Patients who have had breast-conserving surgery such as a lumpectomy to remove a tumor may receive radiation therapy after the surgery to destroy any cancer cells that remain. External beam radiation is the most frequently used radiation treatment for breast cancer, and in this method the radiation comes from a machine outside the body. Mammosite radiation therapy is a form of brachytherapy, or internal radiation, in which the source of radiation is placed inside the breast tissue in the space left by the lumpectomy.
Procedure
According to the Cleveland Clinic, certain breast cancer patients who have had lumpectomy surgery can receive mammosite radiation treatments as an additional therapy to reduce the risk of a recurrence of the cancer. At the end of the lumpectomy procedure, the surgeon places a balloon attached to a catheter inside the breast in the space left after the tumor has been removed. A small part of the catheter remains outside the breast, protruding through a small incision. Using the external part of the catheter, doctors fill the balloon with a saline solution, and when treatment begins, they use a device that sends radioactive seeds into the balloon using the catheter. Patients get two treatment sessions a day for five days, and the process is performed on an outpatient basis. The radioactive seeds are removed from the balloon after each session, but the saline remains in the balloon for the entire five-day regimen. When the mammosite radiation treatment regimen ends, doctors deflate the balloon by draining the saline and remove the balloon and catheter via the small incision.
Benefits
Patients who get mammosite radiation treatment suffer fewer radiation burns relative to those who receive the standard external radiation treatment, notes the Cleveland Clinic. In addition, the side effects of mammosite treatment are not as troublesome as those of the standard treatment, and they do not last as long. Finally, the mammosite treatment occurs over only five days as opposed to the six weeks required for the standard treatment.
Considerations
Not all breast cancer patients are candidates for mammosite radiation treatments. First, any form of internal radiation therapy for breast cancer is limited to patients who have had a lumpectomy.

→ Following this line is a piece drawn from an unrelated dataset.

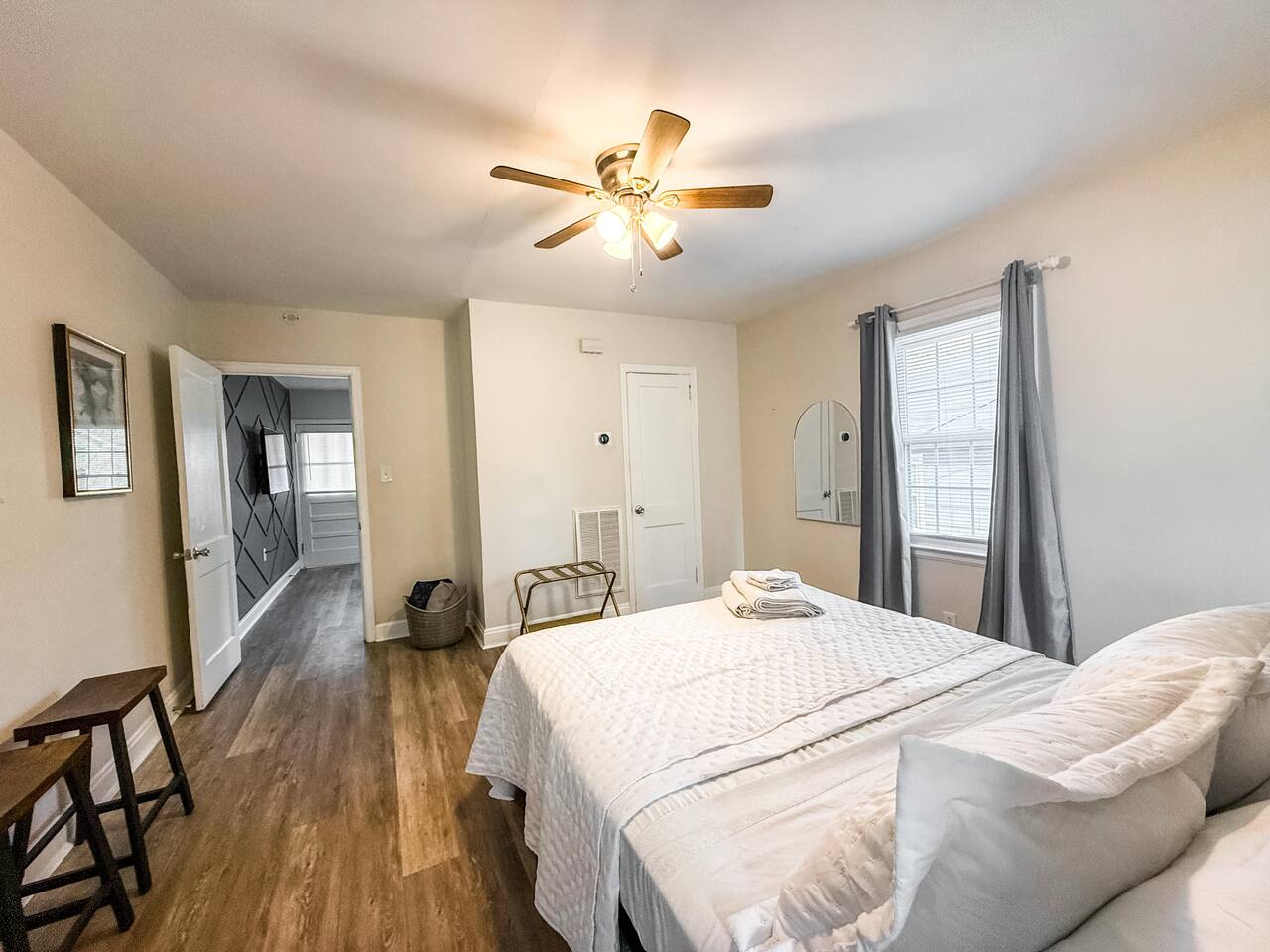 Dear Guests, We use air fresheners in our properties but can remove them upon request—please let us know in advance, as full removal of scent may take over 2 days. The property has a Smart TV, but cable is not provided. You can log in with your own streaming app subscriptions. The yard is mowed every 2-3 weeks; let us know if it needs attention on arrival, and we’ll arrange it. Parking is available on the street, with a small driveway on the left. The house is centrally located in Durham, where many older homes are being renovated or replaced. Please note that this property may experience noise due to its surroundings. The street can be loud at night, walls are somewhat thin, and neighbors, including an elderly resident next door who watches TV at high volume, may contribute to the noise. If you are sensitive to sound, this may not be the best fit for you. Also, please be aware that the couches were recently replaced. Lastly, due to the natural surroundings, there’s a small chance of pest encounters despite regular preventative treatment. We recommend keeping doors and windows closed to minimize this. Thank you for your understanding! Important: Double-check your dates before booking, as we do not accept alterations to shorten stays.

Furthermore, according to the criteria given by the American Society of Breast Surgeons, the patients should be 45 years of age or older, they should have invasive ductal carcinoma, their tumor size should be 3 cm or less, they should have no cancer cells present at the edge of the tumor, and the cancer should not have spread to lymph nodes under the arm or in the breast.
Warning
The Brody School of Medicine notes that patients can expect some side effects from mammosite radiation treatment. These may include redness, bruising, breast pain and drainage from the site where the catheter protrudes from the breast.
Misconceptions
An article in the Oct. 27, 2008, issue of the Seattle Times offers some perspective on the U.S. Food and Drug Administration approval process for medical devices and how that process was applied to the mammosite radiation treatment system, which was approved in 2002. The article points out that the FDA often gives approval to medical devices, mammosite included, without requiring proof of effectiveness. The article further states that the public often holds the mistaken notion that if the FDA has cleared a medical device, then that device has been shown to be medically effective. Clinical data that can prove that mammosite radiation treatment is as effective as the standard external beam treatment are still being gathered.